Small transforms.api-style helpers for Azure Synapse Spark notebooks. Made by Artin.

The library keeps the original notebook-friendly API while also working as an importable Python package:

from spark_lib import Input, Output, transform_df
from spark_lib import clean_columns, dedupe, quiet_azure_logging

Synapse usually provides an active spark session. If your runtime does not, register it once:

import spark_lib

spark_lib.set_spark(spark)

What Is Included

Module Purpose
spark_lib.transforms Input/Output wrappers, @transform_df and @transform decorators.
spark_lib.cleanup Column normalization, deduplication, parallel job runner, log helpers.
spark_lib.matching Keyword search and fuzzy/ML matching for filling missing keys.
spark_lib.delta Delta primitives — version lookup, snapshot merge, CDF merge.
spark_lib.sync Incremental Delta-to-managed-table sync orchestration.
spark_lib.session get_spark / set_spark for runtime SparkSession lookup.

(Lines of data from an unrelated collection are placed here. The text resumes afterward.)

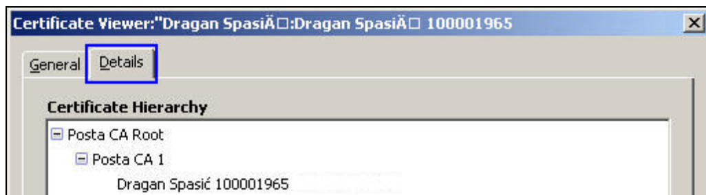
Slika 7. Kompletna sertifikaciona putanja od tri (3) sertifikata
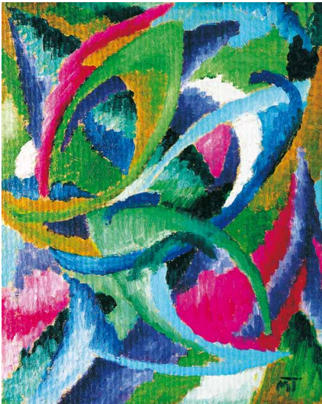
Composition (Sens), vers 1920 (F 69.) Huile sur carton, 36 x 28,9 cm
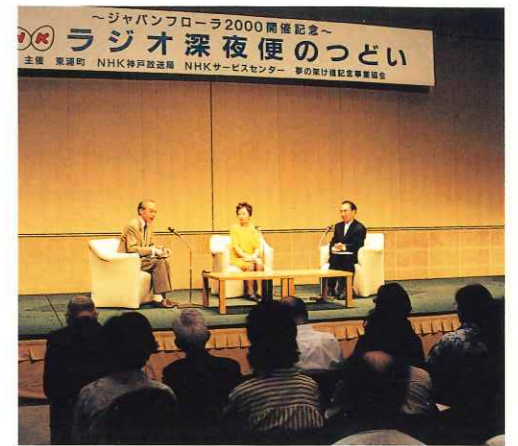
NHKラジオ深夜便のついで
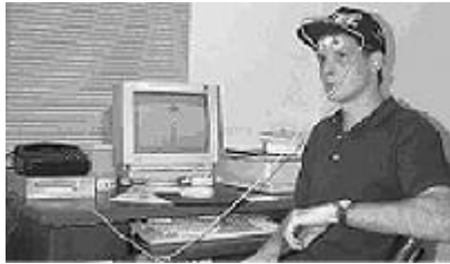
Figura 3 – Equipamento para emulação de mouse

A partir dos dados e das observações obtidas em laboratório, foram feitos os ajustes para adaptar o dispositivo às pessoas que não possam utilizar um mouse convencional.
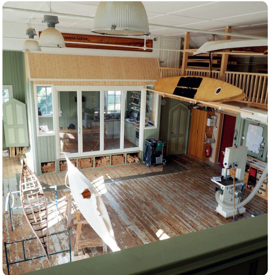
Kirkeskibet er omdannet til byggelokal.
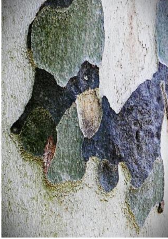
Görsel 8: Çınar Ağacı Gövdesinden Seçilmiş Kompozisyonun Oluşturduğu Soyut Fotoğraf

Diğer örnekler arasında yer alan ‘Duvarlardan Görmek’ portfolyosuna ilişkin soyut fotoğraflar kayıtlanırken; duvar, yer, direk, trafo, vb. yüzeylerine yapıştırılmış ve deforme olmuş resim, afiş, kâğıt, çizim, yazı vb. görseller izlenerek seçilmiş kompozisyonlardan kaynaklanılmıştır.
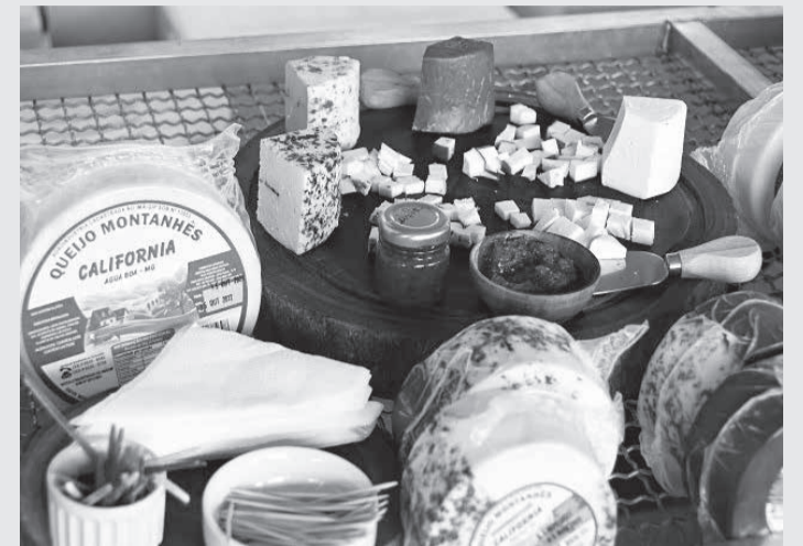
A feira comercializa doces, quitandas, hortigranjeiros, queijos e artesanatos

O vice-presidente da Assembleia, deputado Antonio Carlos Arantes, também comemorou o retorno do evento. “O principal é a distribuição de renda que isso representa, mas, também, é alegria, confraternização, saúde e turismo”, exaltou. A feira contou com a participação de produtores de 20 municípios, em 27 estandes. Foram comercializados doces, quitandas, hortigranjeiros, queijos e artesanatos.
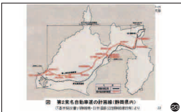
図 第2東名自動車道の計画線(静岡県内) (『基本構想書(静岡県・日本道路公団静岡建設局)より
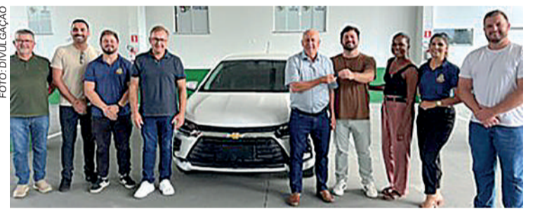
VEÍCULO foi adquirido por meio de emenda parlamentar
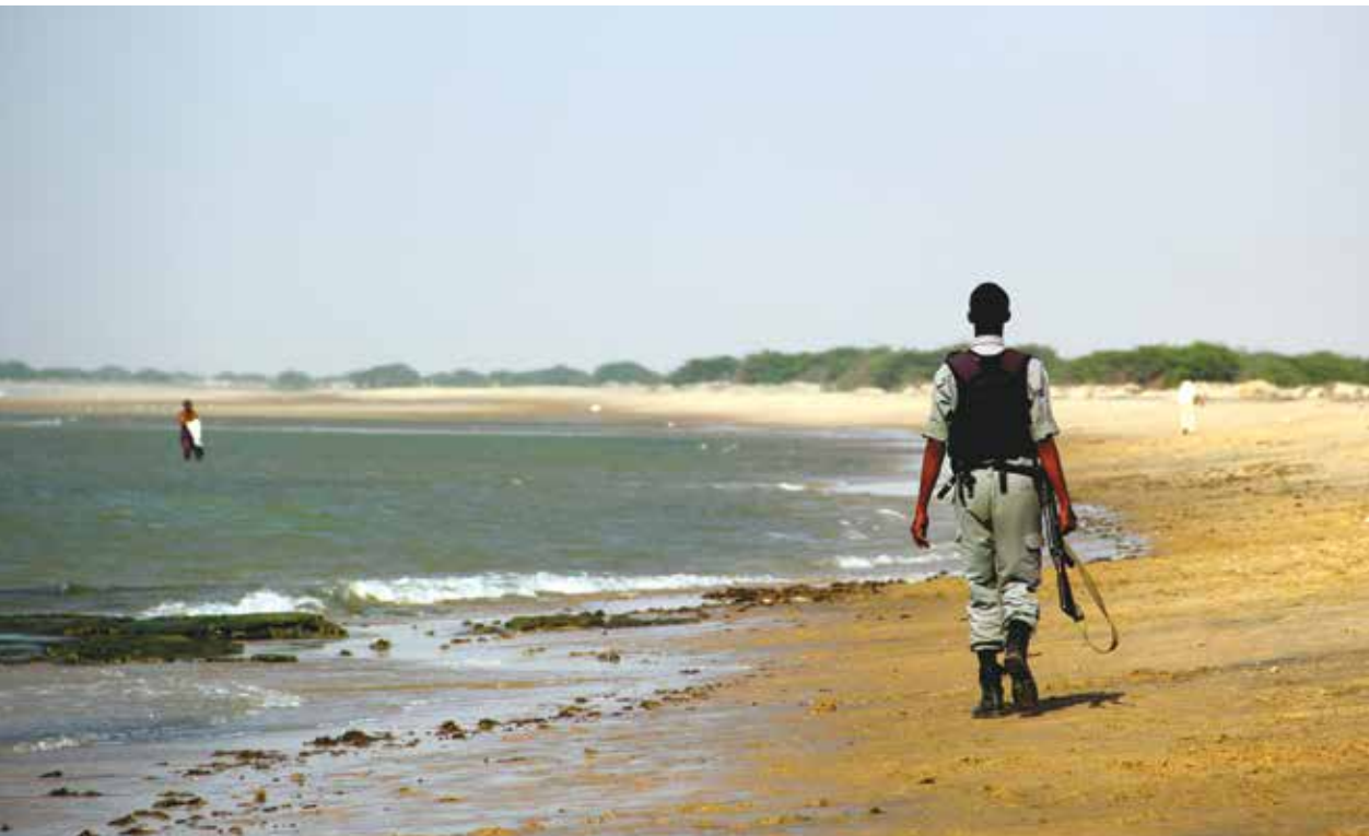
En soldat patruljerer stranden ved havnebyen Berbera. Over halvparten av landets BNP går hvert år til militære utgifter. Somaliland har større trygghet og sikkerhet enn Somalia, høy arbeidsledighet medfører økning i kriminalitet.
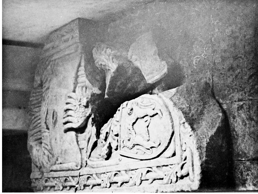
2. Ulomak nadgrobne ploče s frankopanskim grbom, prvo ili drugo desetljeće 16. stoljeća, snimio dr. Zorislav Horvat, presnimak.
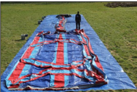
Stap 11: Rol het luchtkussen uit vanaf start deel 2.
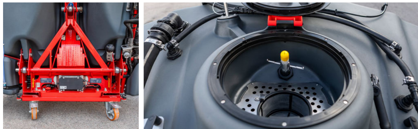
Standardní trojúhelníkový rychlozávěs pro bezpečnou manipulaci
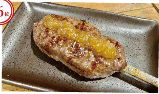
国産黒毛和牛100%つくね
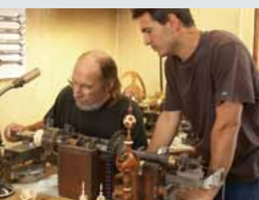
Ta'anga © J. J. Lecomte, Ministerio de Cultura de Francia

Uganda -pe ojepapo ñemonderã ka'avo yguégui, kóva ymaiteri guivéma ñane ramói ha ñande janyikuéra ojapo oúvo yya ape ári ko'ãgagua téla ojekuaa mbovyve. Ko téla ojeporuve ñembo'ehápe péicha ku oñemonguera hañua hasýva téra omanóva ñotý hápe ha avei tapichakuéra ijatyhápe omomorãvo heko; katu ojeporukuaa avei oñembosako'í hañua kortína, ñati'ujokoha, ao ojeke hañua ha mba'eñapytirã hamba'e. oikéu upe tetãme ao ojehekavakuéra oguerúva, koichagua téla opytaite nunga tesarápe, ha hendive avei jeroviapy ha ñembo'e ojeporuhápe; ko'ãga rupi imbaretejey ko mba'ekuaa.

spark_lib.transforms — Inputs, Outputs, Decorators

Input

A lazy reference to a dataset. Format is inferred from the path extension; bare abfss:// folders are peeked once for _delta_log to distinguish delta from parquet/csv-style folders.

Input("abfss://container@acct.dfs.core.windows.net/path/to/table/")   # delta
Input("abfss://container@acct.dfs.core.windows.net/path/to/data.csv") # csv
Input("abfss://container@acct.dfs.core.windows.net/path/to/data.xlsx")# excel
Input.table("db.table")                                              # managed table

Pass any reader options as kwargs:

Input("abfss://.../data.csv", header="true", inferSchema="false", sep=",")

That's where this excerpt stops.